The trial court also held that the trust for Walter terminated upon the death of Walter and, hence, did not violate the statute. The parties appear to accept this notion, but Petitioners argue, and we believe correctly so, that even if the provisions for Walter be valid, they are so interrelated with those for Judith and Dennis that they cannot be permitted to stand alone, because such would result in significant distortion or defeat of the Testator's underlying objectives. Sipe v. Merchants Trust Co., supra. It will be noted that the underlying plan of Testator was for his three children to have equal shares in the income for a term of years, after which the corpus of Judith's share would be divided between her and her children, and the corpus of Dennis' share would be divided between him and his children, but the share for Walter would continue in trust, until his death, so that he would continue to receive the income for life but not the corpus. If the provisions for Walter are permitted to stand, notwithstanding the failure of those for Judith and Dennis, however, Walter will share equally with Judith and Dennis, under the laws of intestate succession, in the two-thirds (2/3) intended for them and their children, while also receiving the income, for life, in the remaining one-third (1/3) — a grossly distorted result. 61 Am.Jur.2d Perpetuities § 87, p. 95.

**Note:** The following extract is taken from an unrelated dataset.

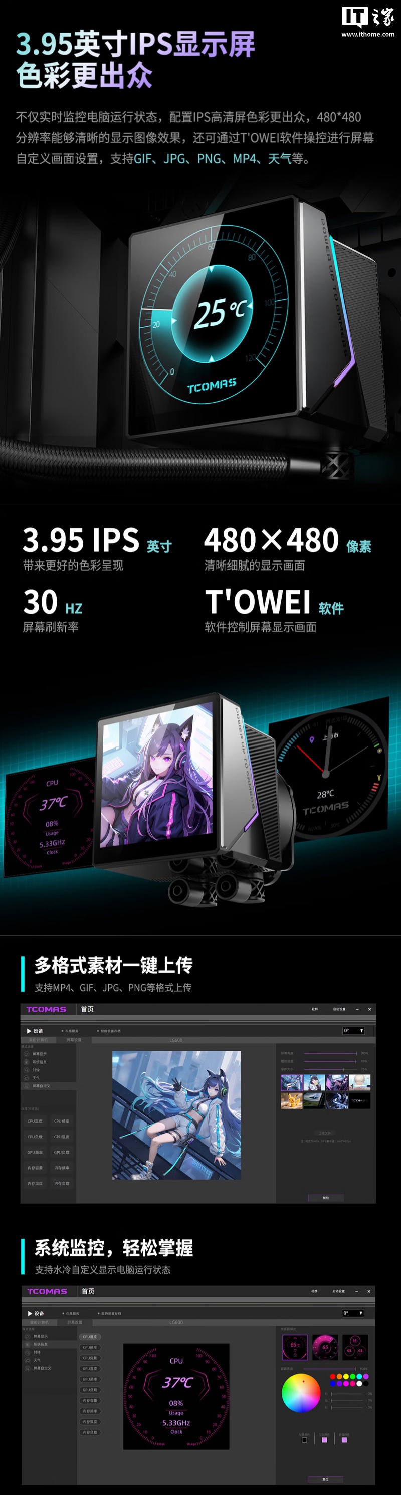 据介绍,该散热器冷头配备一块 3.95 英寸 480x480 分辨率 30Hz IPS 面板,采用磁吸安装方式。支持通过 T'OWEI 软件自行配置。

We disagree, however, with the trial court's decision that the corpus of Walter's trust share could vest within the time limitation of the statute. The provisions for vesting upon Walter's death cannot come into play until the Testator's youngest grandchild has attained the age of twenty-five (25) years. The wording of Item 3(E) permits no dispute. "* * * when my youngest grandchild reaches the age of twenty-five years, said Trust shall terminate as to two-thirds (2/3), * * * shall be divided * * *; one-third (1/3) of the corpus of said Trust * * * shall be continued * * *." (Emphasis added.) Said one-third (1/3) continued share is then to be distributed upon the death of Walter. The use of the word "continued" as to the one-third share following the provisions for termination as to the two-thirds share permits no conclusion other than that the one-third share will not vest until some time subsequent to the vesting of the two-thirds share. Obviously, if the corpus of two-thirds cannot vest within the time allowed, and the vesting of the remaining one-third may be deferred until an even later date, the gift of the one-third interest fails for the same reason as does the gift of the two-thirds interest.

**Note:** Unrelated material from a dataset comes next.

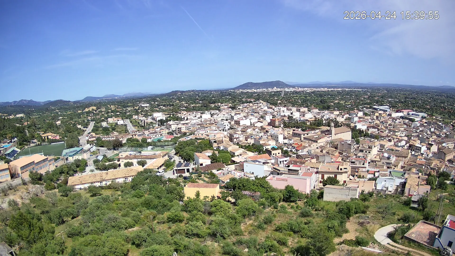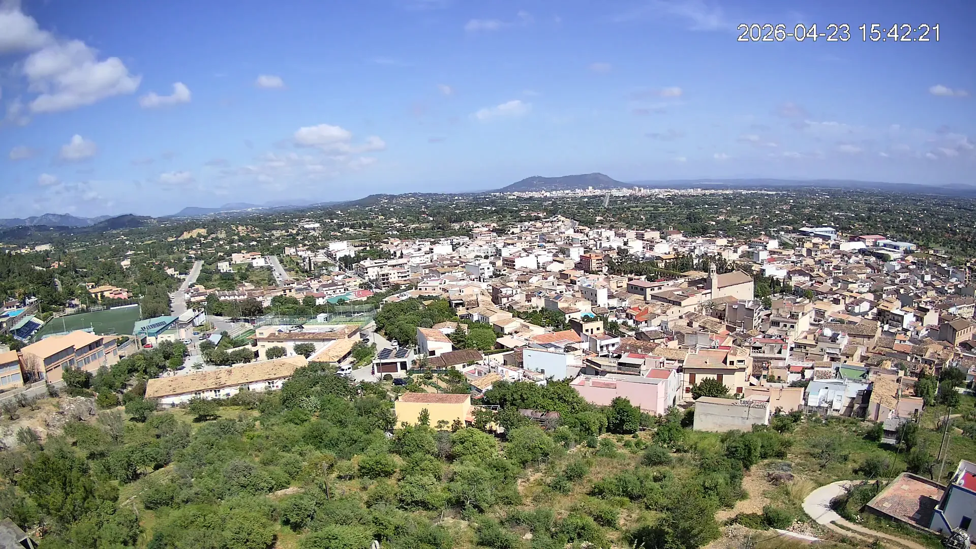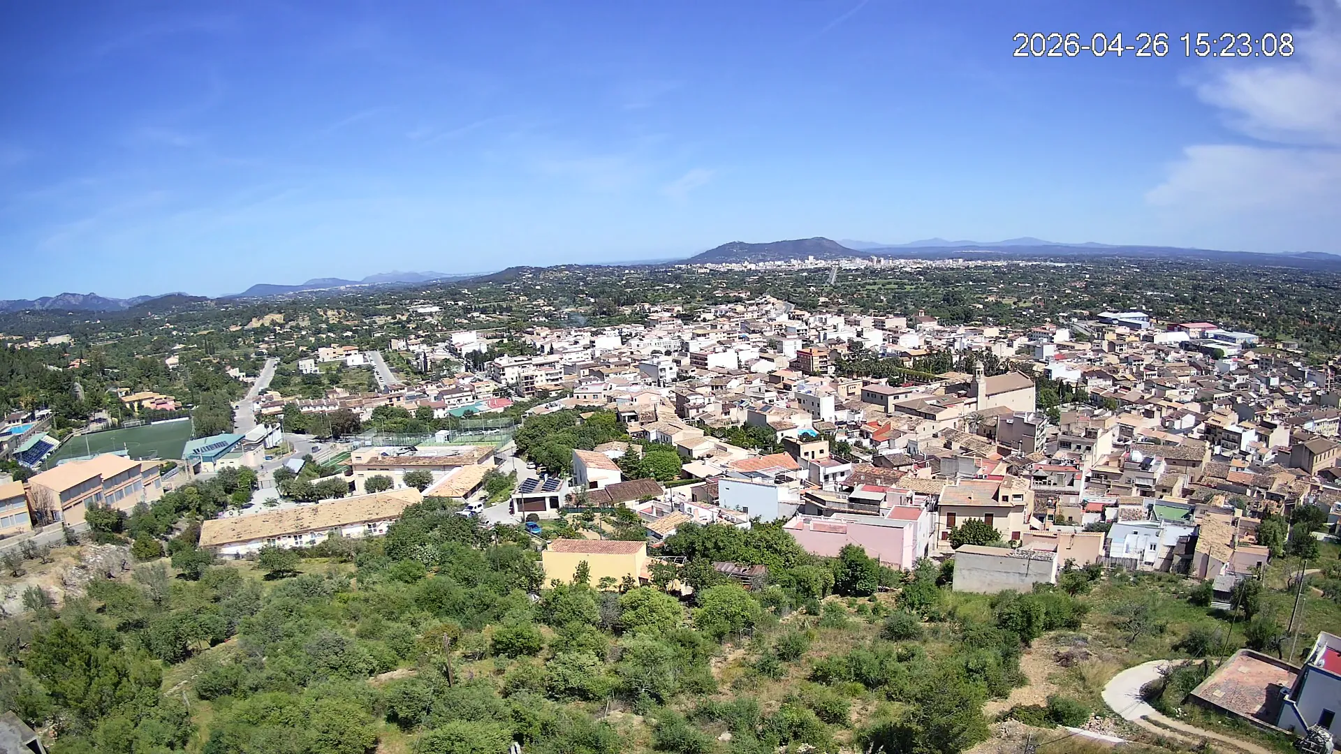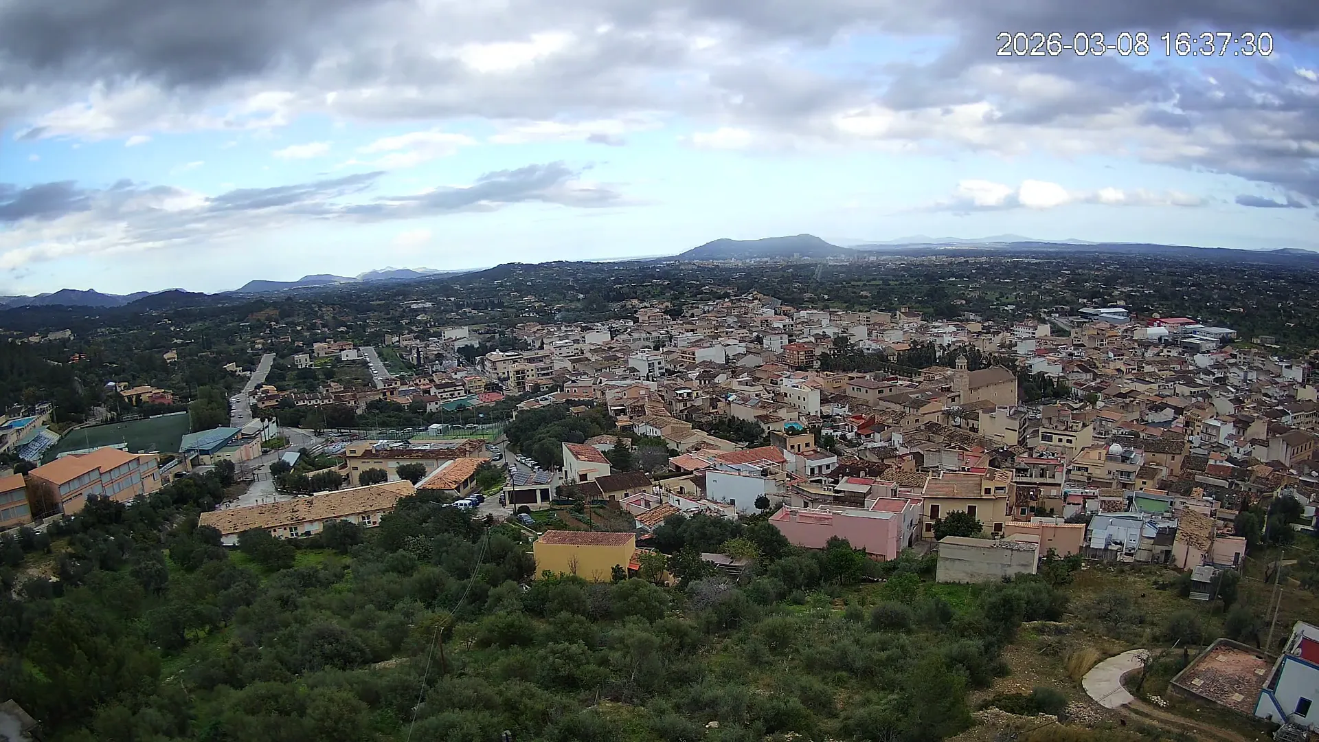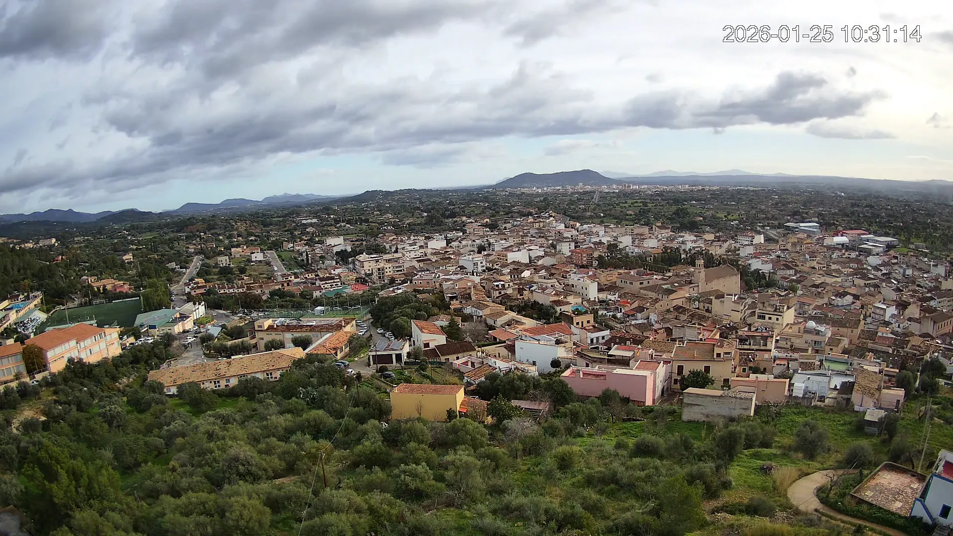 Ubicada en la parte alta del pueblo de Lloseta, esta cámara ofrece una vista panorámica del corazón de Mallorca, donde se aprecian las calles y tejados de Lloseta, la ciudad de Inca al fondo y, dominando el horizonte, el Puig de Santa Magdalena con su emblemática ermita en la cima, todo enmarcado por la belleza de la Mallorca interior

"Where an entire gift or devise of property is made in such a way that to carry it out a perpetuity may be created, the orthodox rule causes such property to go to the residuary estate, or to the heirs or next of kin, * * *." 61 Am.Jur.2d Perpetuities § 86, p. 94. Here, the intended trust was of the entire estate and the will made no alternative provision. There is no alternative to the conclusion that Newell Merrill died intestate, and we so hold. The judgment of the trial court is reversed and the cause is remanded to the trial court with instructions to vacate its order of November 12, 1982 denying the motion of the Petitioners (Appellants) Dennis A. Merrill, Co-Executor, et al. to correct errors and for further proceedings consistent with this opinion.
GIVAN, C.J., and HUNTER, DeBRULER and PIVARNIK, JJ., concur.